Material for this task:
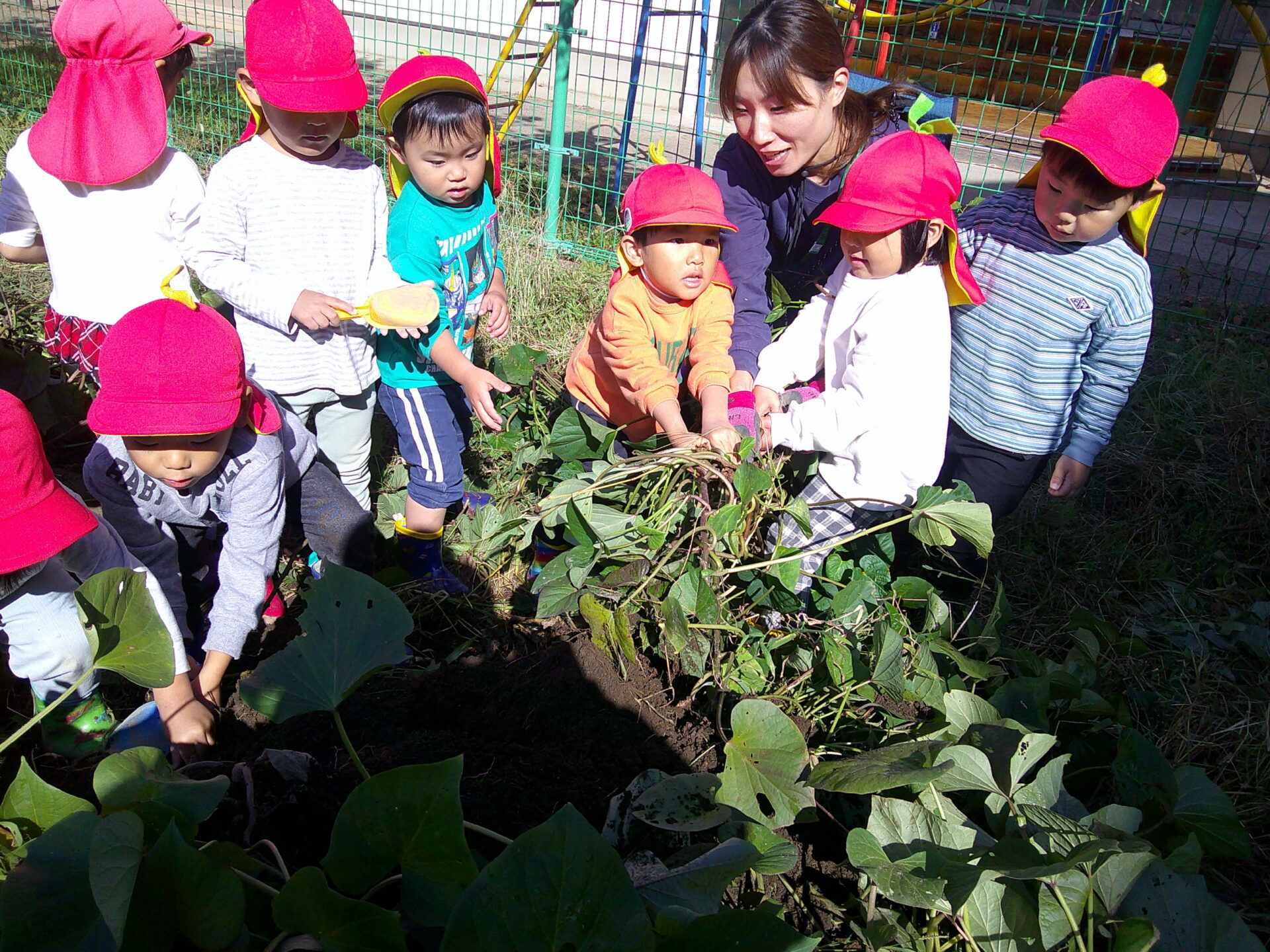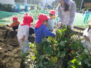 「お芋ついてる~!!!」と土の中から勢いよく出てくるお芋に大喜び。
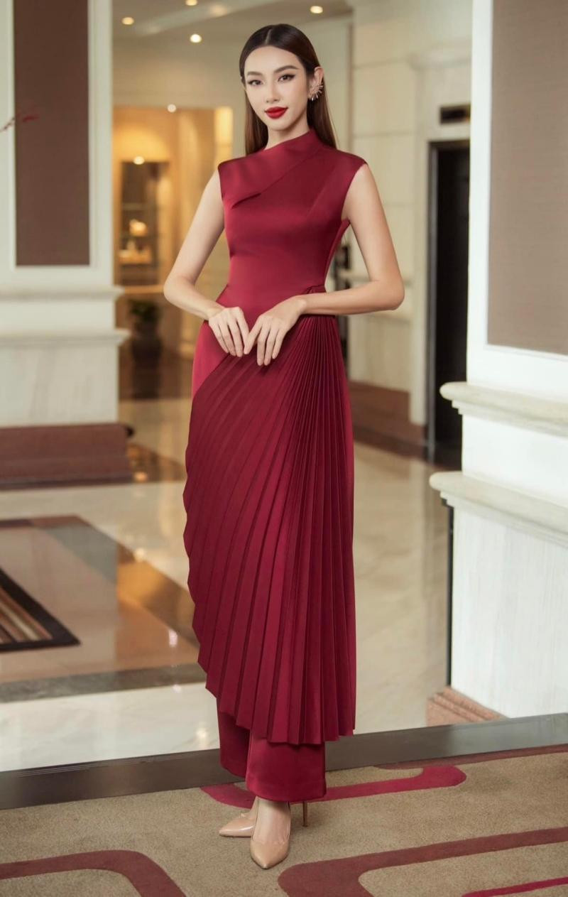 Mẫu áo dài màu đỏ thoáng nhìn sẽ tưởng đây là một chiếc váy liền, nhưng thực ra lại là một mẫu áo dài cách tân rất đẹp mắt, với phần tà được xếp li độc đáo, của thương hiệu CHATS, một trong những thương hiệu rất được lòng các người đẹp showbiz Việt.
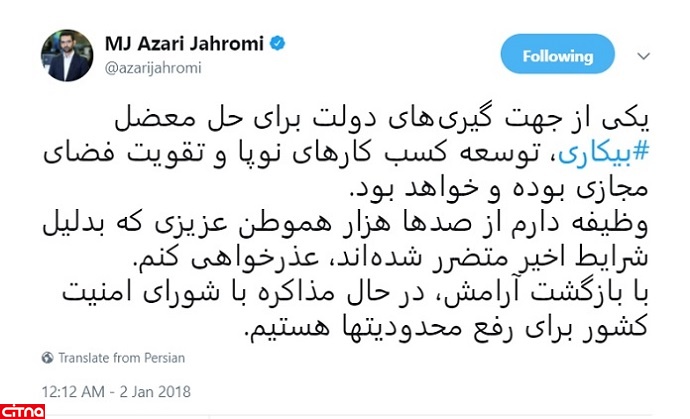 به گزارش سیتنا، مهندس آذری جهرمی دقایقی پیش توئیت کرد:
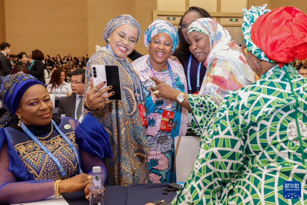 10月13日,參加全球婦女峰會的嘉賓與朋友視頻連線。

---

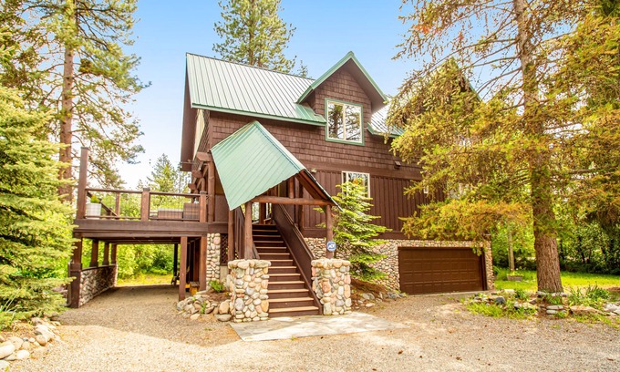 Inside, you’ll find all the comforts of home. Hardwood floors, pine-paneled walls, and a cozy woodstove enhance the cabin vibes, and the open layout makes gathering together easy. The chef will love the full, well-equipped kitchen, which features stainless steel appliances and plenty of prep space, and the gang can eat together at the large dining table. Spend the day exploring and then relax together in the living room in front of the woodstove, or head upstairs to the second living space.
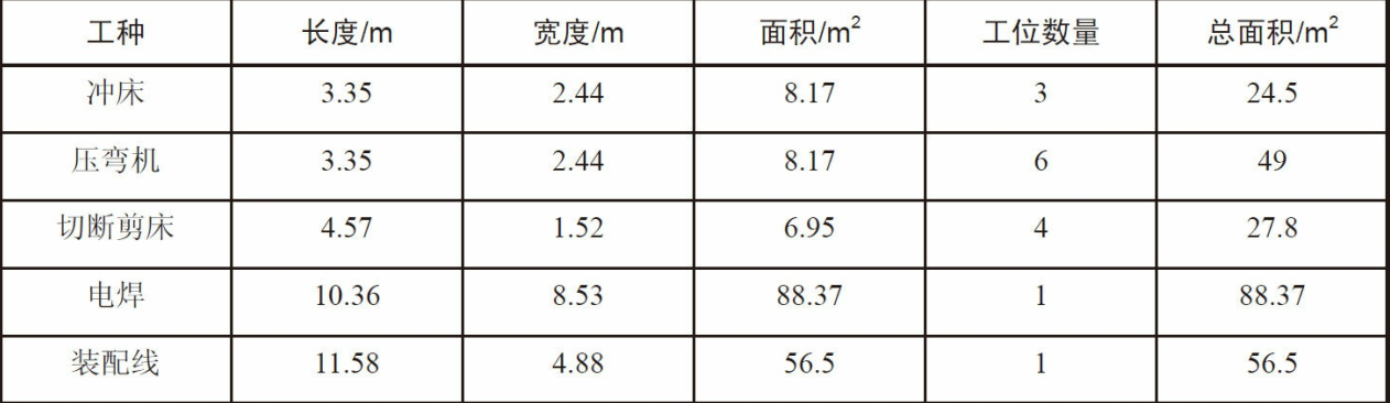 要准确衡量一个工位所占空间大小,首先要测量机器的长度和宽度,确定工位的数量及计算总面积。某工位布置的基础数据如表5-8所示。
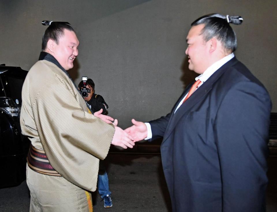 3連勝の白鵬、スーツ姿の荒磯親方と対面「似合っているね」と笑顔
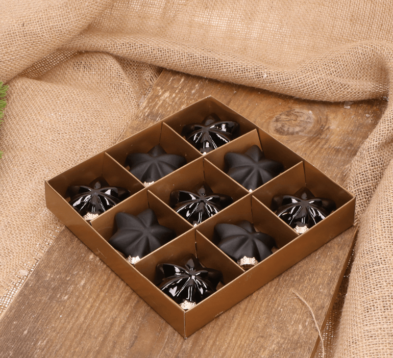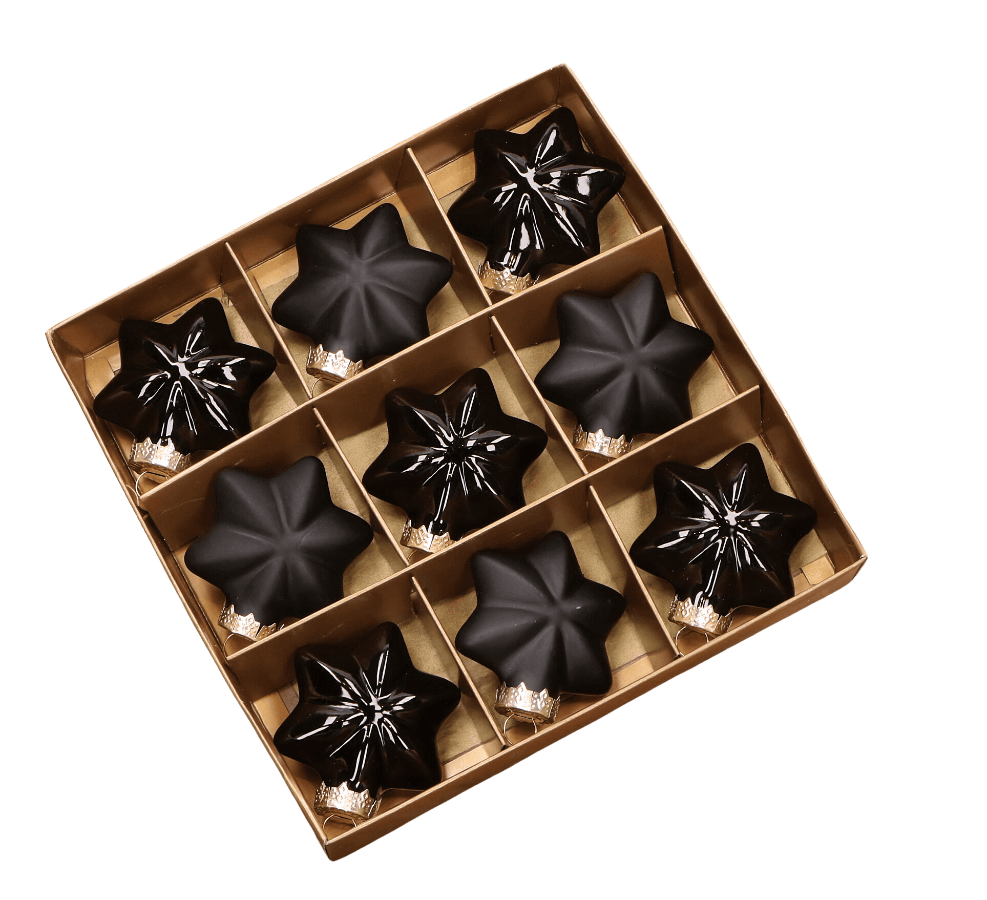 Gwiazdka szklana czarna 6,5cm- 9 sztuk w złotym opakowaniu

Exercise instructions: Leave the pictures out. Output, exactly, the lines of the material above starting at the line containing "3連勝の白鵬、スーツ姿の荒磯親方と対面「似合っているね」と笑顔" and ending at the line containing "Gwiazdka szklana czarna".

Answer for the task:
 3連勝の白鵬、スーツ姿の荒磯親方と対面「似合っているね」と笑顔
 Gwiazdka szklana czarna 6,5cm- 9 sztuk w złotym opakowaniu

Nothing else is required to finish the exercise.